British rulers committed this heinous crime in Jallianwala Bagh on the one hand and let loose repression on the other. Criminal cases were registered against 852 persons, out of which 108 were sentenced to death and 265 were sent to life imprisonment. Two were jailed for long duration and five were sentenced to imprisonment for 10 years each. Rest 194 were sentenced for lesser duration. Apart from this 298 people were tried under martial law out of which 51 were sentenced to death and 48 were given life imprisonment. Two were sentenced to jail for ten years each and 79 were convicted for 7 years each, 10 for 5 years each and 11 were convicted for lesser jail terms. British imperialist wanted to break the morale of the people but little did they know that it will not only further advance the freedom struggle but will also prepare thousands of revolutionaries like Bhagat Singh, Udham Singh, Sukhdev and others.

When Punjab was passing through a period of people’s upsurge and severe repression, at that time Aroor Singh (the maternal grandfather of Simranjit Singh Mann, a Khalistani  leader) who was the chief of Akal Takht gave a Saropa (sign of honor) to the butcher of Jallianwala Bagh, General Dyer, at Akal Takht. These mahants asked Dyer to become a Sikh, he replied “I cannot grow long hair.” They said “We can exempt you from that.” He said “I cannot give up smoking.” They said “You can do it later on in a slow manner”. Dyer laughed it away. At the same time Majithia family of Sunder Singh Majithia, the forefather of the Akali leader who is former minister and son-in-law of Parkash Singh Badal, invited Dyer to their house for a dinner. This is the character of present day rulers.

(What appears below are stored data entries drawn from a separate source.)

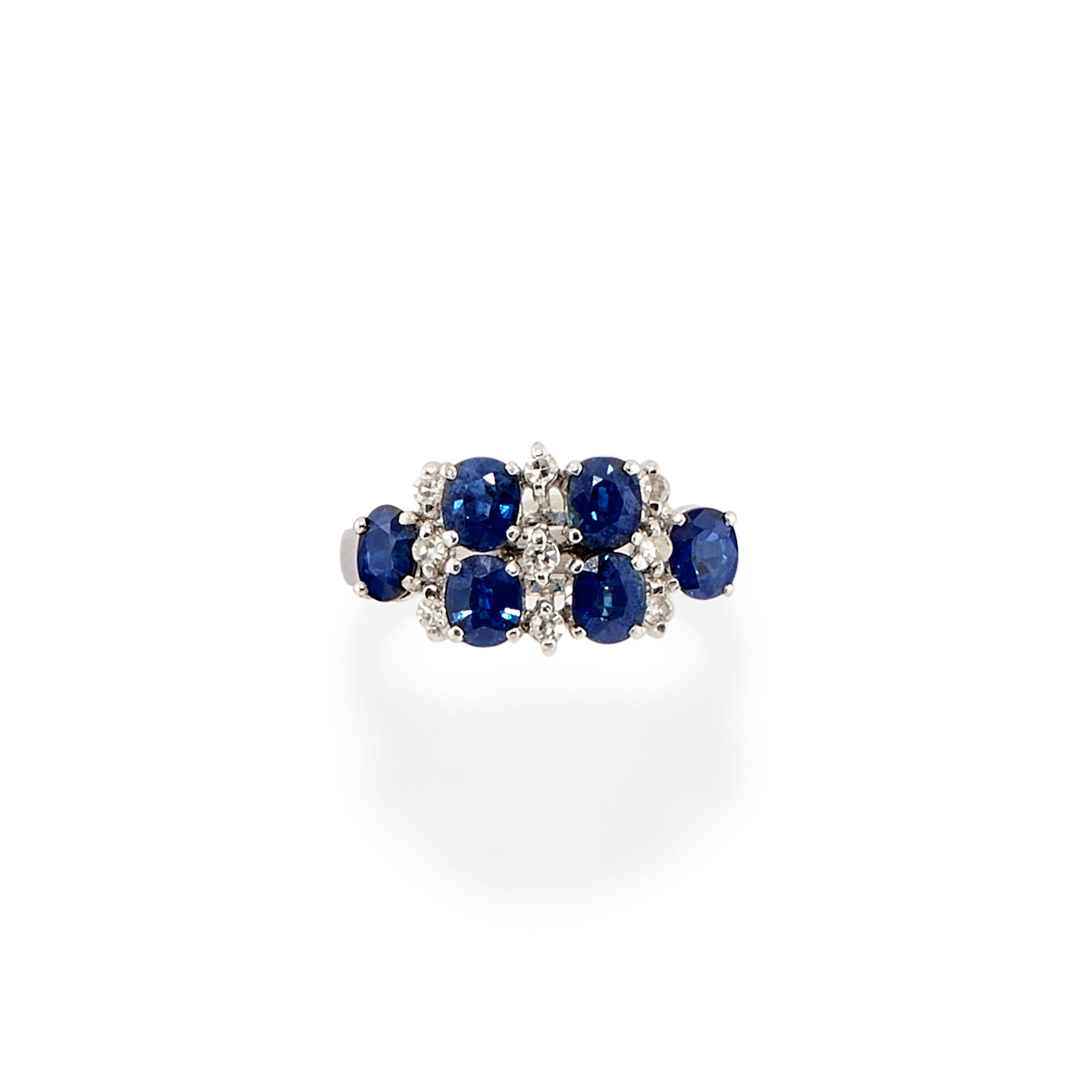 zaffiri taglio ovale per totale ct 1,20 circa e diamanti taglio huit-huit.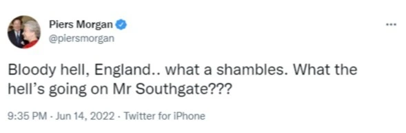 Tờ The Sun của Anh gọi trận thua này là một sự sỉ nhục. Trong khi đó, Piers Morgan, một nhà báo nổi tiếng ở Anh lên tiếng: "Chuyện quái gì đang diễn ra vậy Southgate?". Đủ để thấy nước Anh đang phẫn nộ như thế nào trước trận thua sáng nay.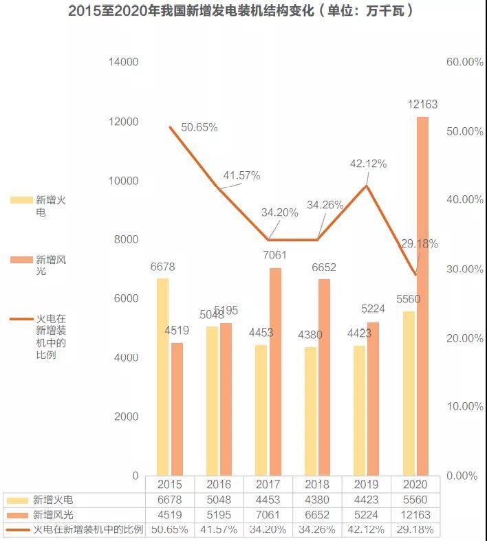 “十三五”期間,我國的風(fēng)電、光伏裝機容量進入飛速發(fā)展時期。與此同時,2015年之后的火電建設(shè)速度大大放緩。此消彼長之下,整個“十三五”期間每年的新增風(fēng)光裝機都大于火電裝機,而且火電在新增裝機中的比例也從2015年的50.65%下降至2020年的29.18%。

One thing is clear from this narration, that British government wanted to teach a lesson to the Punjabis by terror and brutal repression and break their resolve. For understanding this we have to go into the background of this firing.


At a particular phase of development of capitalism in Europe emerged Colonialism for finding the markets for their goods. Britain, Portugal and France etc. embarked on expansion of their empires in colonies. This resulted in bloody wars between these powers. Thus whole world was divided into colonial empires. Indian people rose in revolt against British empire in 1857. This revolt started as a soldiers’ mutiny and later developed into people’s revolt specially peasant revolt whose titular leader was the deposed Mughal king Bahadur Shah Zafar. Some pro-imperialist people characterize this as a revolt of deposed feudals to regain their lost raj. But this is entirely wrong because only few feudals fought against British rulers and most of them supported the colonialists. Karl Marx rightly characterized it as the first war of Indian independence. Though it was suppressed but it had a long term impact on the course of history.

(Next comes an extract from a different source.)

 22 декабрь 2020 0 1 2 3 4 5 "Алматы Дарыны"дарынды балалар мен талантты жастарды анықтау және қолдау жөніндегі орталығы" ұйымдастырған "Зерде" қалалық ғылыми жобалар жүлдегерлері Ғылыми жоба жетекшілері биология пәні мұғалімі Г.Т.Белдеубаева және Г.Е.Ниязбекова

At the fag end of the nineteenth century and in the beginning of twentieth century, capitalism further developed to the highest stage of imperialism as a result of emergence of monopolies and merging of industrial capital and banking capital thus forming finance capital in main capitalist countries. So far these countries were exporting goods but now they started exporting finance capital too. New imperialist powers like America, Germany and Japan also emerged and came into contention on the world scene. Contention between imperialist powers intensified leading to the first imperialist world war, 1914 -1919.

War is a continuation of politics by other means i.e. military means. This situation of war is a decisive point of time when all classes take their decisive stand. At that juncture revisionist warriors of Second International gave the slogan of “defense of fatherland” which means supporting the bourgeoisie of one’s own country. On the other hand Bolshevik party led by Lenin gave a call to turn the imperialist war into a civil war against the rulers of one’s own country. They gave slogan of peace, bread and liberty, mobilized Russian people around these slogans, completed proletarian revolution and established the first durable proletariat state whereas heroes of the Second International did immense damage to the cause of revolution. Similarly, in India too different political forces took contradictory approaches towards the first world imperialist war.

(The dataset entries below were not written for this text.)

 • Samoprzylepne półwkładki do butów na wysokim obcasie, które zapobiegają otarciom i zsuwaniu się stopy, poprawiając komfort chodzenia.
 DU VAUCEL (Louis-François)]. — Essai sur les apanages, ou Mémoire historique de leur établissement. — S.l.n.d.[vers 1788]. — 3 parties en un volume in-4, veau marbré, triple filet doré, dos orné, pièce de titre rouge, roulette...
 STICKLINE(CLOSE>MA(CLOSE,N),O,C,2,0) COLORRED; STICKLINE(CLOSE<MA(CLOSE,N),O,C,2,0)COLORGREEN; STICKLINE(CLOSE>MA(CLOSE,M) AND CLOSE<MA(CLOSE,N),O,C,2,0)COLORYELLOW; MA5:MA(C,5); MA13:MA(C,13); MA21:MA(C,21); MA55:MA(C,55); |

British govt. learning from the first war of independence of 1857, took some steps to check the recurrence of such revolts in the future. One was Lord Macaulay introducing an education system aimed at creating such Indians whose appearance would be Indian but they would think like the English and for the English. Another step was to create a political organization which can act as a link between people and Raj. For that an Englishman, AO Hume, formed a political party named Indian National Congress.  Gandhi became its main leader after returning from South Africa.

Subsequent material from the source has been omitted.